GIVEN DATA
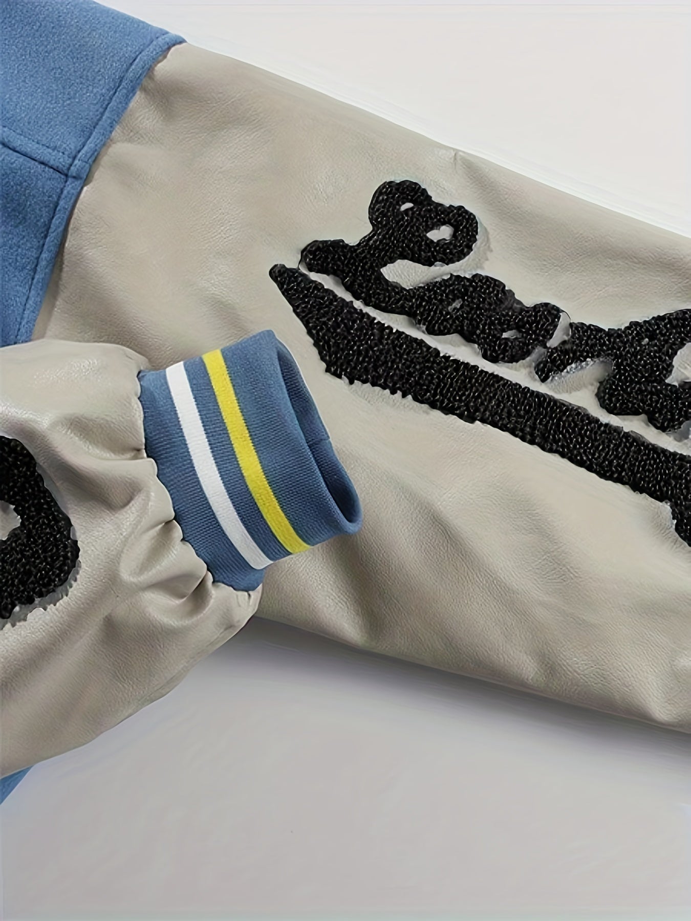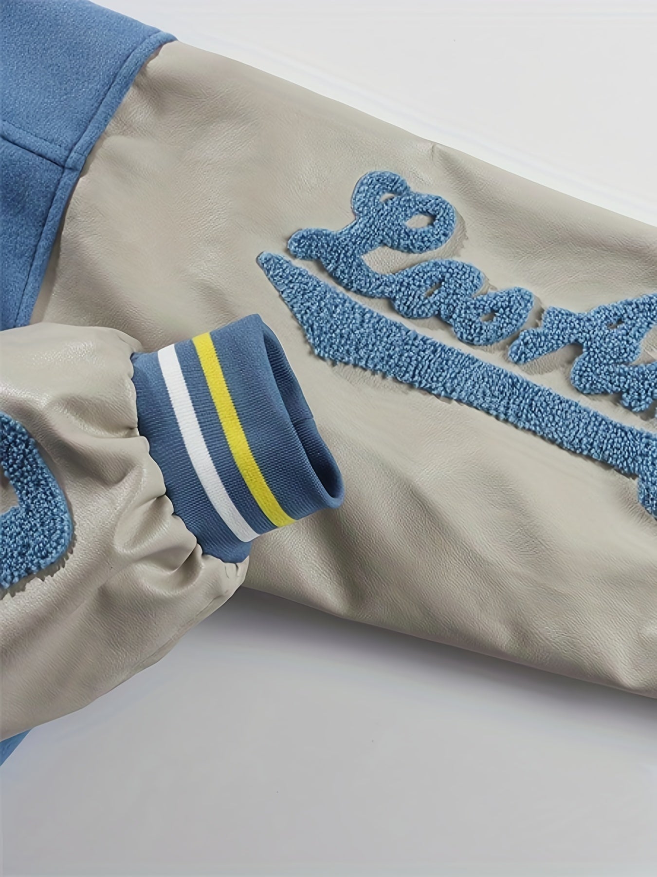 Men's Fleece College Varsity Jacket, Baseball Vintage Jacket, Casual Streetwear Coats Plus Size
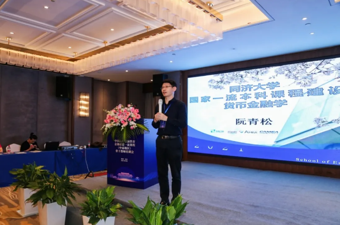 在下午的专家报告环节中,湖南大学金融与统计学院杨胜刚教授、同济大学经济与管理学院阮青松教授,武汉大学经济与管理学院杜莉教授分别做题为《一流本科专业课程建设队的实践与思考》《国家一流本科课程货币金融学》《启发式教学》的主题演讲。
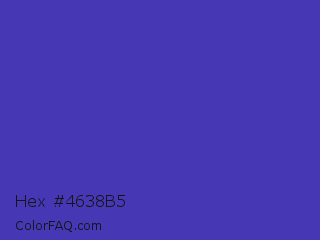 Hex #4638b5 Color is a normal indigo color and the nearest color is Ocean Blue #4f42b5. Hex code #4638b5 and RGB value is rgb(70,56,181). In RGB color space, this color is composed of 27% red, 22% green, 71% blue, In CMYK color space, this color is composed of 61% cyan, 69% magenta, 0% yellow , 29% black , In HSL color space, this color has a hue angle of 247° , 53% saturation and 46% lightness.
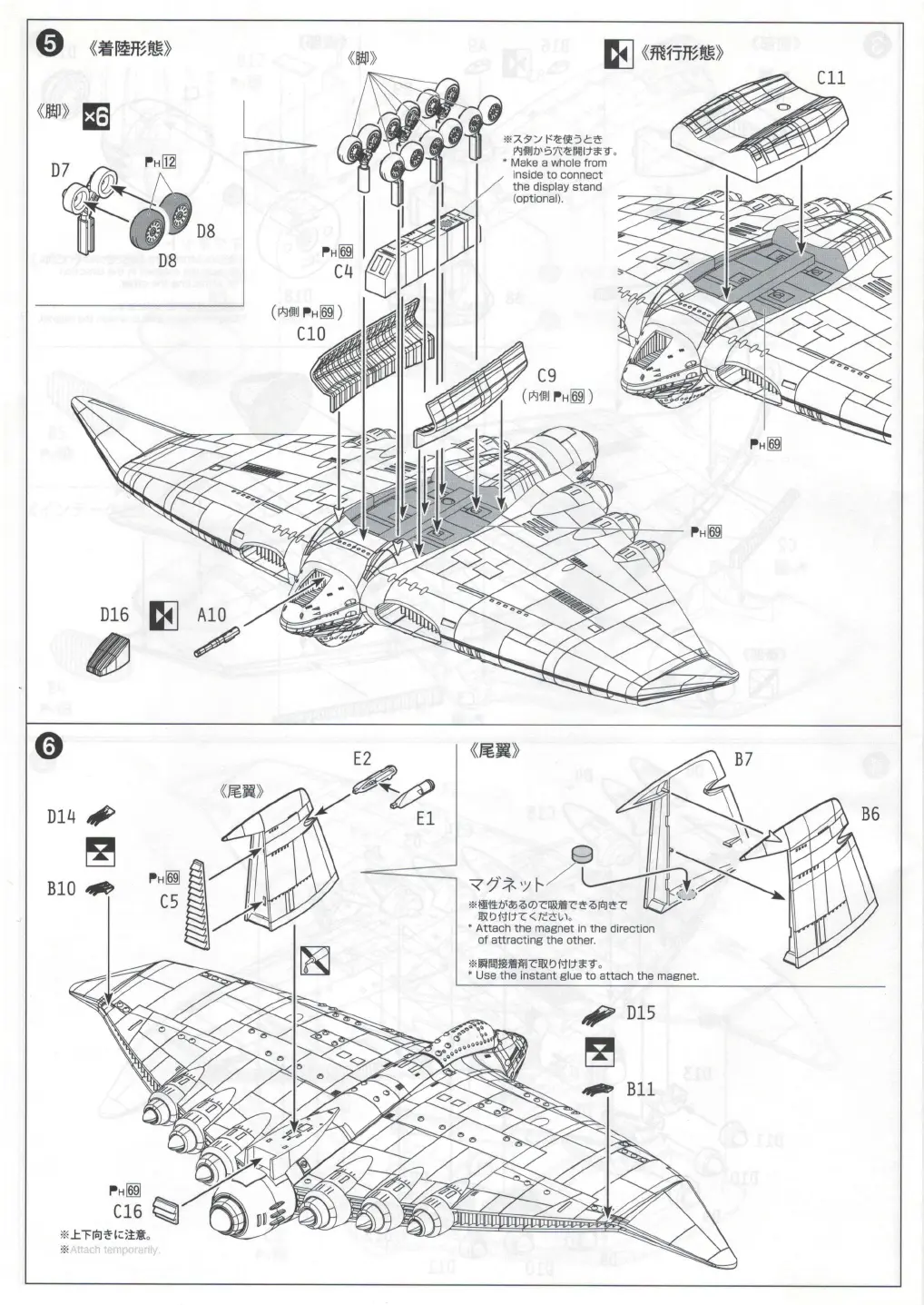 AOSHIMA 01 - Main Assembly: Landing Gear and Tail Fins; Landing Gear and Flying Form Assembly; Tail Fin Assembly

EXERCISE BRIEF
Give back every line of the material above word for word, leaving out the pictures.

WRITTEN ANSWER
 Men's Fleece College Varsity Jacket, Baseball Vintage Jacket, Casual Streetwear Coats Plus Size
 在下午的专家报告环节中,湖南大学金融与统计学院杨胜刚教授、同济大学经济与管理学院阮青松教授,武汉大学经济与管理学院杜莉教授分别做题为《一流本科专业课程建设队的实践与思考》《国家一流本科课程货币金融学》《启发式教学》的主题演讲。
 Hex #4638b5 Color is a normal indigo color and the nearest color is Ocean Blue #4f42b5. Hex code #4638b5 and RGB value is rgb(70,56,181). In RGB color space, this color is composed of 27% red, 22% green, 71% blue, In CMYK color space, this color is composed of 61% cyan, 69% magenta, 0% yellow , 29% black , In HSL color space, this color has a hue angle of 247° , 53% saturation and 46% lightness.
 AOSHIMA 01 - Main Assembly: Landing Gear and Tail Fins; Landing Gear and Flying Form Assembly; Tail Fin Assembly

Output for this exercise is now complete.